Baron von Rothschild, the legendary French financier, once stated that the ideal portfolio should consist of one-third securities, one-third art, and one-third real estate. The current international real estate market would appear to belie his advice however.Emerging market investors and other legendary financiers with real estate holdings have suffered pain, there is no doubt. The housing markets in Spain, Ireland and many other countries are years, if not decades away from recovery. This is true for international real estate around the globe.
This is the primary reason for the collapse of the banking systems in these countries. But international real estate should have a place in every portfolio. As with so much other investing advice, Baron von Rothschild is right here too. For emerging market investors, the exchange traded fund for timber and related products, Guggenheim Timber (NYSEARCA:CUT), sprinkles a flavoring of international real estate with other protection.
Historically, timber land has outpaced inflation. Guggenheim Timber has large positions in timber real estate investment trusts. It also has holdings in companies that produce and distribute associated items such as paper and packaging, amongst others. This also results in exposure to the international real estate market in emerging market nations, and around the globe.
When real estate rises, timber land is strong for a variety of factors. Overall, the whole international real estate sector will rise, including uncut timber land. Specifically, when more homes are being built, there is a greater demand for lumber for houses. From the floors to the roof, wood is needed in the building of houses and commercial buildings for both decorative and construction purposes. International real estate will recover and when it does, timber land will rise again.

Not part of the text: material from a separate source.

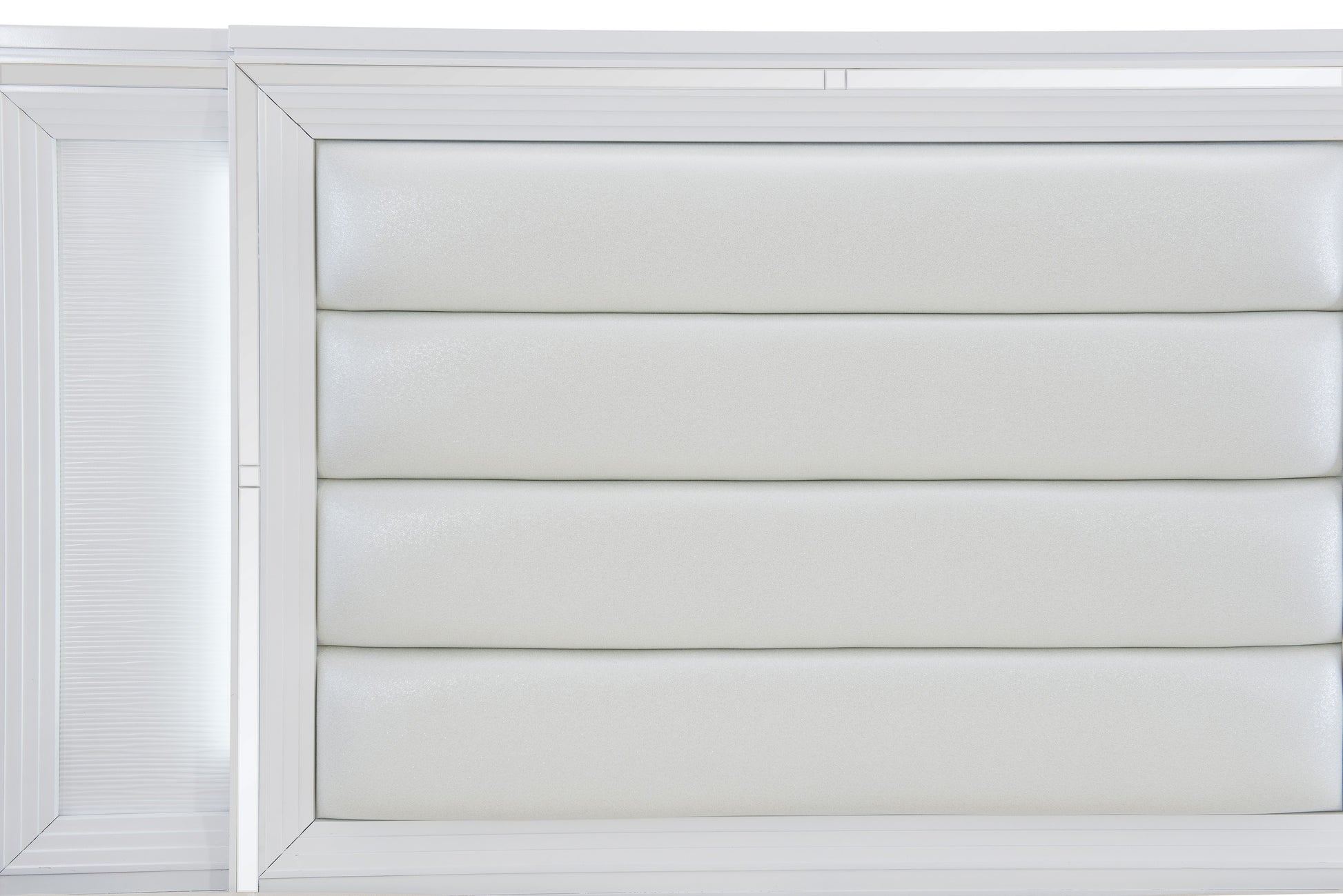 Designed to help your bedroom reach its full glamorous potential, the Tamsin Collection’s unique attributes blend to create a stylish and functional addition to your lifestyle. Mirrored framing provides dramatic enhancement to the queen bed, while LED back-lighting, from the vertical headboard panels, illuminates and highlights the embossed white finish of the collection. Acrylic bar hardware provides unobtrusive decorative touch to the drawer fronts of the storage footboard, with the faux leather-covered padded headboard insert lending decorative contrast to the finish of the collection.

This no doubt lured uber investor John Paulson into his ill-fated investment in Sino Forest. His example illustrates one of the main benefits of an exchange traded fund for individual investors: there is a broad diversity of investments and superior research resources, in addition to lower costs. This is particularly valuable for investing in international real estate.
At the nadir of the Great Recession in early 2009, Guggenheim Lumber was trading under $7.50 a share. It is now around $16. It has been the same story of recovery for the home builder ETF, SPDR S&P Homebuilders (NYSEARCA:XHB). The rebound has slowed in recent trading however, for both CUT and XHB.
Year to date, the Guggehiem Lumber ETF is down 2.90%. It has increased in the short term and is up 1.45% for the last week of market action.